Monthly Letter to the Parish - May 2020

Locked Down or Opened Up?

Fed up with being enclosed, wanting to do the 'normal' things in life, nervous even to go shopping? Lots of reasons to be less than content at the moment even for those who are not ill.

But perhaps there are opportunities as well as deprivations. During this extended celebration of the Easter story - it continues through May - we are reminded of the events of another lockdown. Shortly after the resurrection the close followers of Jesus were locking themselves in a room to avoid contact with the religious leaders who might recognise them and take hostile action against them. It is hard to know what they were feeling or quite what would happen next, or when: so some parallels to our current situation.

Then the unexpected happened. They became aware of the presence with them of Jesus - well, not the Jesus in the same form as they had previously known him, although transformed, undoubtedly him. The walls of the house were no barrier to this experience which opened their eyes to a new way of seeing themselves and the world around them: it was the first phase of their inspiration and motivation for devoting the rest of their lives to spreading the spirit of Love into an often difficult and sad world.

We might ask ourselves whether, and how, our lockdown will change us. Perhaps there are thoughts, ideas, feelings, experiences that we are having during this time that are worth holding on to and developing in the future.

It was also during the disciples' lockdown that Thomas was elsewhere when the others first experienced the presence of Jesus. When he returned, he was reluctant to believe what they told him - perhaps not surprising. Elsewhere we read of Thomas being his own man and being open and honest with others about his thoughts and feelings.

When the experience of Jesus again comes to the locked room Thomas is there, probably expecting a telling off from Jesus for expressing his previous doubt.  However, that is not what happens, instead Jesus invites Thomas to see the crucifixion wounds. Thomas does not need to, he is overcome by the presence and immediately convinced. So it is at that moment, when Thomas is being most genuinely himself, that God comes to him. Perhaps our current situation is reminding us of the sort of people we really are, warts and all, doubts and all. Being open to that is an invitation for sacredness to make its mark on us.

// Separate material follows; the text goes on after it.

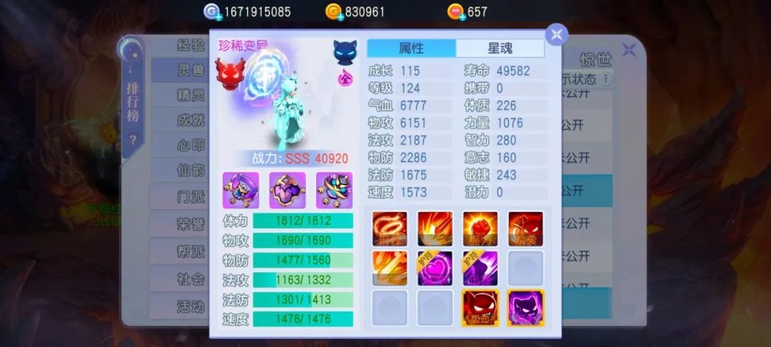 属性不理想的原因出现在了星魂的上面!物攻和速度是绝对没有问题的,但是物防对于这只宠物来说是等于没有的!把它洗成速度就更加完美了!

Another story that we hear during this Easter period is that of the two travellers making their way home, meeting and chatting with an apparent stranger. They invite him into their home for a meal and it is only when he blesses the food set out in front of him that they realise his true significance - "didn't our hearts burn as we talked with him" they say as they realise they had experienced the risen Christ. We might look back on some past experiences and appreciate within them a significance that was not apparent at the time. The divine comes to us unannounced and unrecognised at the most unlikely times and places.